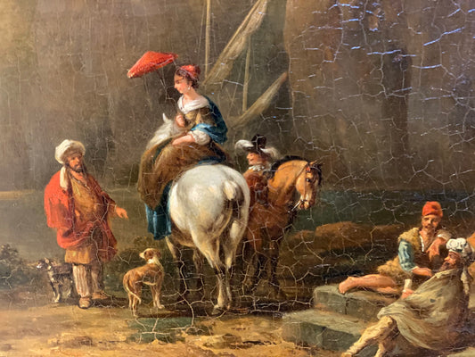 17TH CENTURY DUTCH WOMAN ON WHITE HORSE WITH FIGURES BY RIVER, NICHOLAS BERCHEM.
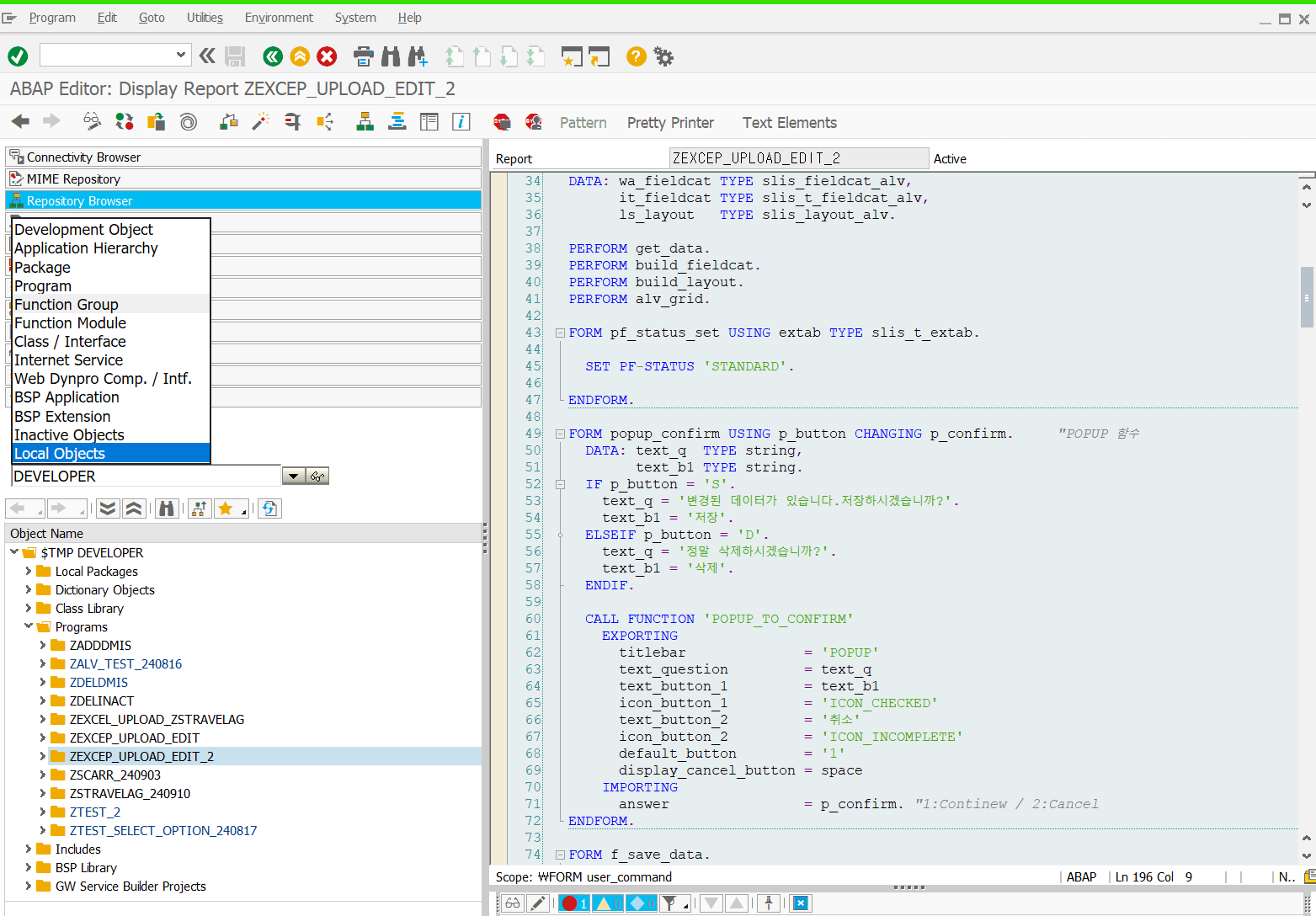 PERFORM popup_confirm USING p_button CHANGING p_confirm. -> 확인 팝업 띄운다
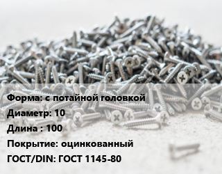 Шуруп с потайной головкой 10х100 оцинкованный ГОСТ: ГОСТ 1145-80, шт цена от 81.9 Р / кг, где купить, условия доставки в Могилеве и Могилёвской области
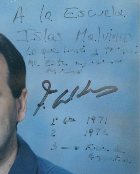 que se encuentra en el Colegio Malvinas con su autógrafo.
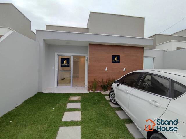 Vendo casa no condomínio América House, tudo de primeira, no sim toda no porcelanato, cozinha ampliada, banheiros no porcelanato cozinha ampliada, com possibilidade de você montar sua área gourmet, gesso rebaixado com luminárias, terreno excedente, 1 metro a mais de fundo que a casa padrão do condomínio são dois quartos ambos com suíte + um lavabo.
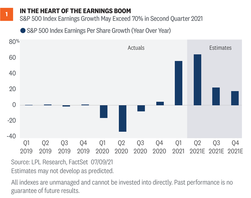 • Is this as good as it gets? We like good news. Who doesn’t? But at some point, the good news is fully expected and factored into stock prices. That means markets may not respond as well to the next piece of good news. For the past few quarters, companies have delivered not just good, but great news. Now investors are rightly asking if the positive surprises may be coming to an end, as companies may no longer be holding anything back. If the outlooks from management teams are conservative again because of ongoing COVID-19 or other uncertainties, additional upside surprises could be in store for the second half and potentially drive the next leg of this rally.
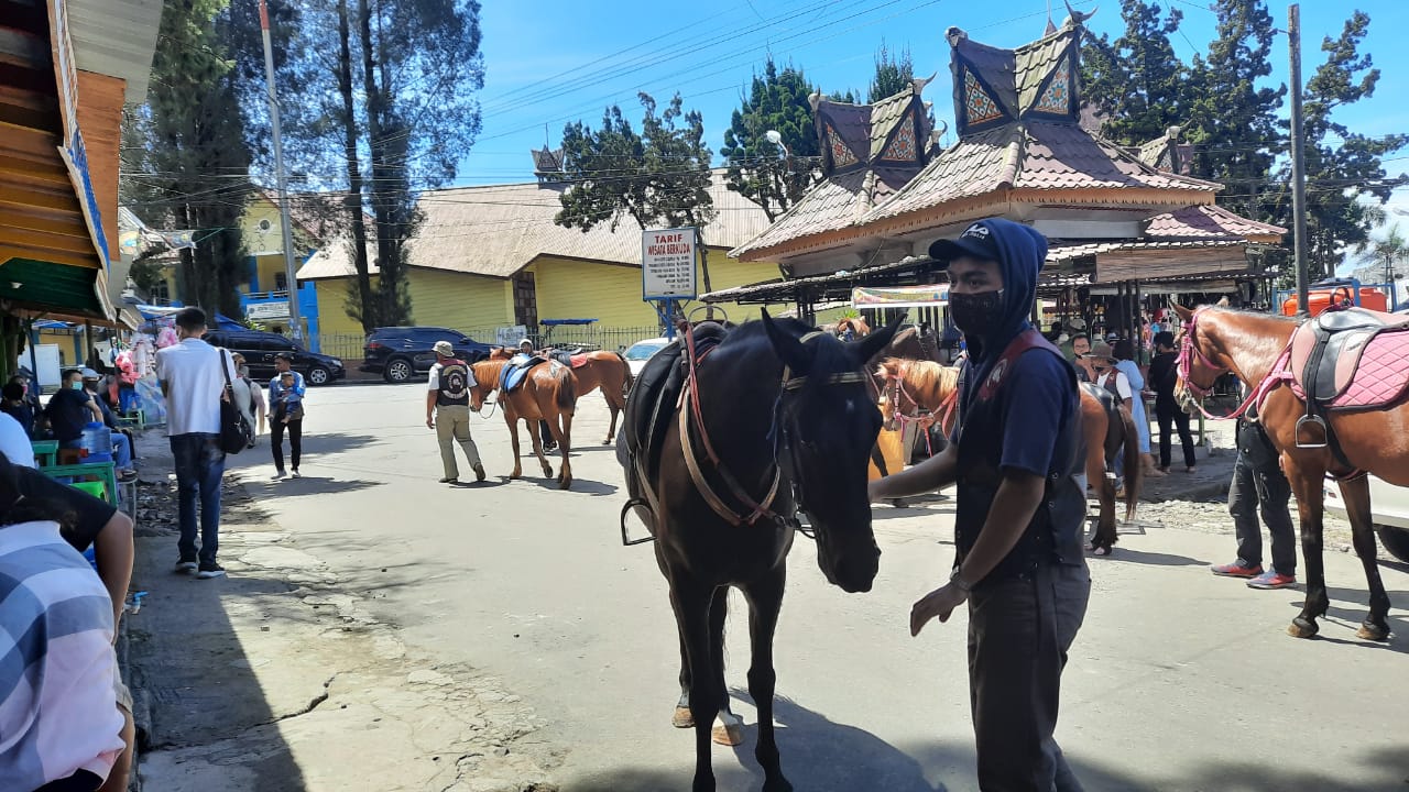 Pasar Buah yang menyediakan buah segar dan sewa kuda atau delman di Brastagi, Karo, tampak disesaki wisatawan sehari pasca kabupaten itu ditetapkan GTPP Covid-19 Sumut sebagai salahsatu kawasan zona merah/foto : dis BICARAINDONESIA-Karo : Sama halnya dengan Medan dan Deliserdang, Gugus Tugas Percepatan Penanganan (GTPP) Covid-19 Sumatera Utara juga telah menetapkan Kab. Karo sebagai salahsatu kawasan zona merah Virus Corona.
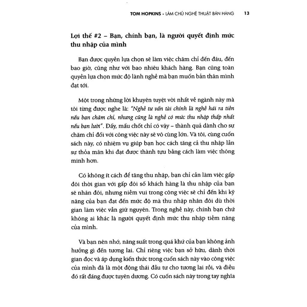 Cuốn sách LÀM CHỦ NGHỆ THUẬT BÁN HÀNG là tập hợp những phân tích, nghiên cứu của tác giả Tom Hopkins giúp người đọc, đặc biệt là những người đang dấn thân trên thương trường mở được cánh cửa thành công. Bất cứ lúc nào trong đời, bạn đều phải bán hàng: bạn “bán” hình ảnh của mình, của công ty mình; bạn “bán” thương hiệu của mình, “bán” cơ hội để được trò chuyện trực tiếp với mình, cơ hội được nhận những giá trị bạn trao đi, nhận các sản phẩm tài chính của bạn, những dịch vụ chuyên nghiệp của bạn và nhiều nữa.
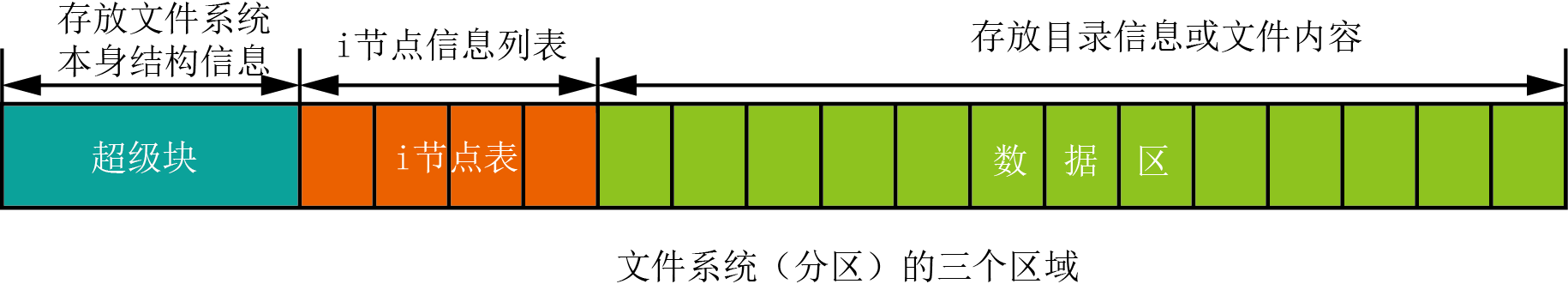 一部分成为数据区,用来存放文件真正的内容。另一部分成为 i-node 表,用来存放文件属性。第三部分成为超级块(superblock),用来存放文件系统自身的信息。文件系统由这 3 部分组合而成,其中任一部分都是由很多有序磁盘块组成的。
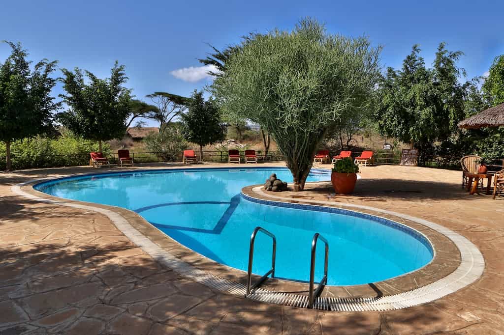 Shaded by spreading acacia trees and facing that famous peak, the open-air restaurant serves generous buffet spreads plus freshly fired pizzas from the wood-burning oven — fruit and vegetables are picked straight from the camp's own farm, which you can taste. The bar is a relaxed spot for a cold Tusker after a dusty game drive, and there's a decent-sized pool flanked by loungers for the inevitable afternoon lull. A small spa, art gallery and gift shop round things out, and the crackling bonfire is the social hub come evening.
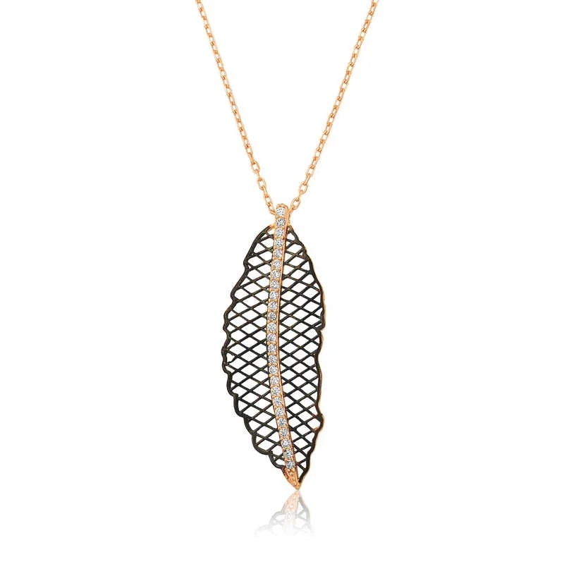Gümüş Rose Yaprak Bayan Kolye
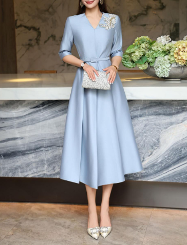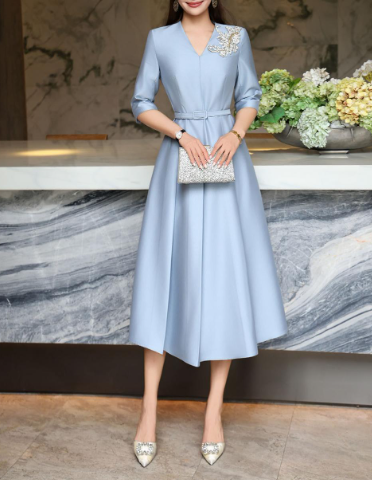 A refined midnight-navy A-line dress featuring a flattering V-neckline, a cinched waist, and a soft structured flare. Finished with a stunning floral crystal embellishment on the shoulder—perfect for elegant dinners, formal gatherings, and graceful evening occasions.
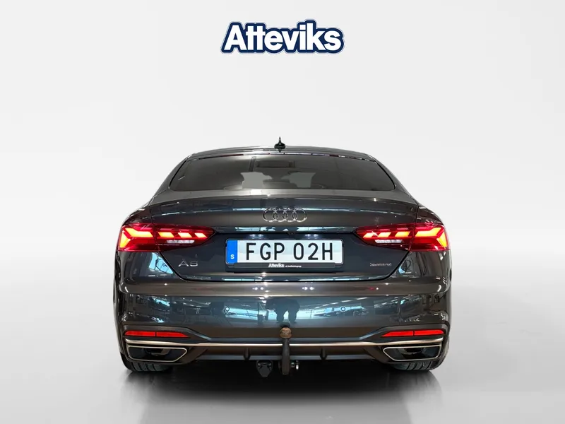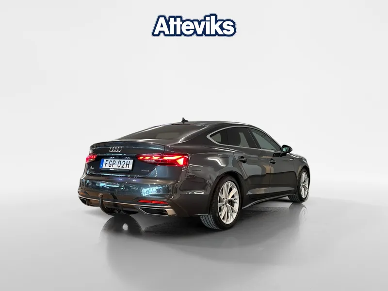 Audi A5 Sportback 45 TFSI Quattro – 2021 | Sportig, trygg och bra teknik Audi A5 Sportback i mycket fint skick – en bil som kombinerar sportig design med hög komfort och imponerande prestanda. Den kraftfulla 45 TFSI-motorn tillsammans med Audis Quattro fyrhjulsdrift ger en stabil, säker och dynamisk körupplevelse oavsett väglag, perfekt för nordiska förhållanden. Bilen är utrustad med avancerade Matrix LED-strålkastare som anpassar ljusbilden automatiskt för bästa möjliga sikt utan att blända mötande trafik, vilket höjer både säkerhet och körkomfort vid mörkerkörning. Den praktiska dragkroken gör bilen redo för allt från släp till cykelhållare, och med backkamera blir parkering både enklare och tryggare i alla lägen. Den stilrena Sportback-designen ger ett exklusivt intryck samtidigt som du får den praktiska flexibiliteten från en halvkombi. Invändigt möts du av en modern och påkostad miljö med hög materialkvalitet och smart teknik som gör varje resa till ett nöje. Det här är helt enkelt en bil för dig som vill ha en perfekt balans mellan prestanda, design och funktionalitet – redo att leverera körglädje varje dag. För mer information eller bokning av provkörning är du välkommen att höra av dig till säljare Colin Bolgakov på 036 34 88 65 eller colin.bolgakov @ atteviks.se. Välkommen till Atteviks Jönköping! Öppettider mån-fre 9-18 - lör 10-14
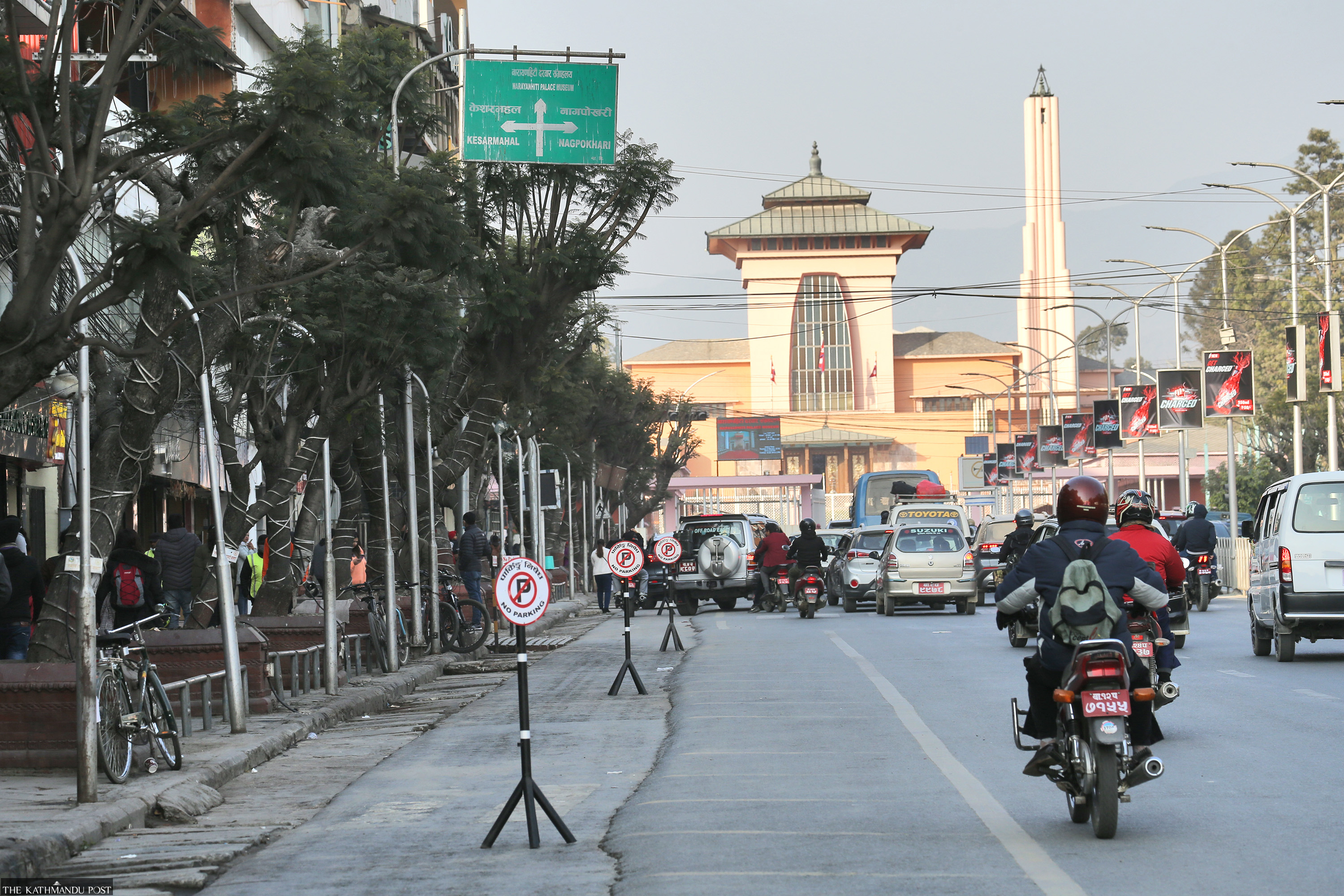 A view of Durbarmarg on Thursday after Kathmandu Metropolitan City, in coordination with traffic police, banned roadside parking there. Sanjog Manandhar/TKP
──────
Would you repeat the entries exactly, keeping the images out?

> _ANSWER SPACE_
 17TH CENTURY DUTCH WOMAN ON WHITE HORSE WITH FIGURES BY RIVER, NICHOLAS BERCHEM.
 PERFORM popup_confirm USING p_button CHANGING p_confirm. -> 확인 팝업 띄운다
 Шуруп с потайной головкой 10х100 оцинкованный ГОСТ: ГОСТ 1145-80, шт цена от 81.9 Р / кг, где купить, условия доставки в Могилеве и Могилёвской области
 que se encuentra en el Colegio Malvinas con su autógrafo.
 Vendo casa no condomínio América House, tudo de primeira, no sim toda no porcelanato, cozinha ampliada, banheiros no porcelanato cozinha ampliada, com possibilidade de você montar sua área gourmet, gesso rebaixado com luminárias, terreno excedente, 1 metro a mais de fundo que a casa padrão do condomínio são dois quartos ambos com suíte + um lavabo.
 • Is this as good as it gets? We like good news. Who doesn’t? But at some point, the good news is fully expected and factored into stock prices. That means markets may not respond as well to the next piece of good news. For the past few quarters, companies have delivered not just good, but great news. Now investors are rightly asking if the positive surprises may be coming to an end, as companies may no longer be holding anything back. If the outlooks from management teams are conservative again because of ongoing COVID-19 or other uncertainties, additional upside surprises could be in store for the second half and potentially drive the next leg of this rally.
 Pasar Buah yang menyediakan buah segar dan sewa kuda atau delman di Brastagi, Karo, tampak disesaki wisatawan sehari pasca kabupaten itu ditetapkan GTPP Covid-19 Sumut sebagai salahsatu kawasan zona merah/foto : dis BICARAINDONESIA-Karo : Sama halnya dengan Medan dan Deliserdang, Gugus Tugas Percepatan Penanganan (GTPP) Covid-19 Sumatera Utara juga telah menetapkan Kab. Karo sebagai salahsatu kawasan zona merah Virus Corona.
 Cuốn sách LÀM CHỦ NGHỆ THUẬT BÁN HÀNG là tập hợp những phân tích, nghiên cứu của tác giả Tom Hopkins giúp người đọc, đặc biệt là những người đang dấn thân trên thương trường mở được cánh cửa thành công. Bất cứ lúc nào trong đời, bạn đều phải bán hàng: bạn “bán” hình ảnh của mình, của công ty mình; bạn “bán” thương hiệu của mình, “bán” cơ hội để được trò chuyện trực tiếp với mình, cơ hội được nhận những giá trị bạn trao đi, nhận các sản phẩm tài chính của bạn, những dịch vụ chuyên nghiệp của bạn và nhiều nữa.
 一部分成为数据区,用来存放文件真正的内容。另一部分成为 i-node 表,用来存放文件属性。第三部分成为超级块(superblock),用来存放文件系统自身的信息。文件系统由这 3 部分组合而成,其中任一部分都是由很多有序磁盘块组成的。
 Shaded by spreading acacia trees and facing that famous peak, the open-air restaurant serves generous buffet spreads plus freshly fired pizzas from the wood-burning oven — fruit and vegetables are picked straight from the camp's own farm, which you can taste. The bar is a relaxed spot for a cold Tusker after a dusty game drive, and there's a decent-sized pool flanked by loungers for the inevitable afternoon lull. A small spa, art gallery and gift shop round things out, and the crackling bonfire is the social hub come evening.
Gümüş Rose Yaprak Bayan Kolye
 A refined midnight-navy A-line dress featuring a flattering V-neckline, a cinched waist, and a soft structured flare. Finished with a stunning floral crystal embellishment on the shoulder—perfect for elegant dinners, formal gatherings, and graceful evening occasions.
 Audi A5 Sportback 45 TFSI Quattro – 2021 | Sportig, trygg och bra teknik Audi A5 Sportback i mycket fint skick – en bil som kombinerar sportig design med hög komfort och imponerande prestanda. Den kraftfulla 45 TFSI-motorn tillsammans med Audis Quattro fyrhjulsdrift ger en stabil, säker och dynamisk körupplevelse oavsett väglag, perfekt för nordiska förhållanden. Bilen är utrustad med avancerade Matrix LED-strålkastare som anpassar ljusbilden automatiskt för bästa möjliga sikt utan att blända mötande trafik, vilket höjer både säkerhet och körkomfort vid mörkerkörning. Den praktiska dragkroken gör bilen redo för allt från släp till cykelhållare, och med backkamera blir parkering både enklare och tryggare i alla lägen. Den stilrena Sportback-designen ger ett exklusivt intryck samtidigt som du får den praktiska flexibiliteten från en halvkombi. Invändigt möts du av en modern och påkostad miljö med hög materialkvalitet och smart teknik som gör varje resa till ett nöje. Det här är helt enkelt en bil för dig som vill ha en perfekt balans mellan prestanda, design och funktionalitet – redo att leverera körglädje varje dag. För mer information eller bokning av provkörning är du välkommen att höra av dig till säljare Colin Bolgakov på 036 34 88 65 eller colin.bolgakov @ atteviks.se. Välkommen till Atteviks Jönköping! Öppettider mån-fre 9-18 - lör 10-14
 A view of Durbarmarg on Thursday after Kathmandu Metropolitan City, in coordination with traffic police, banned roadside parking there. Sanjog Manandhar/TKP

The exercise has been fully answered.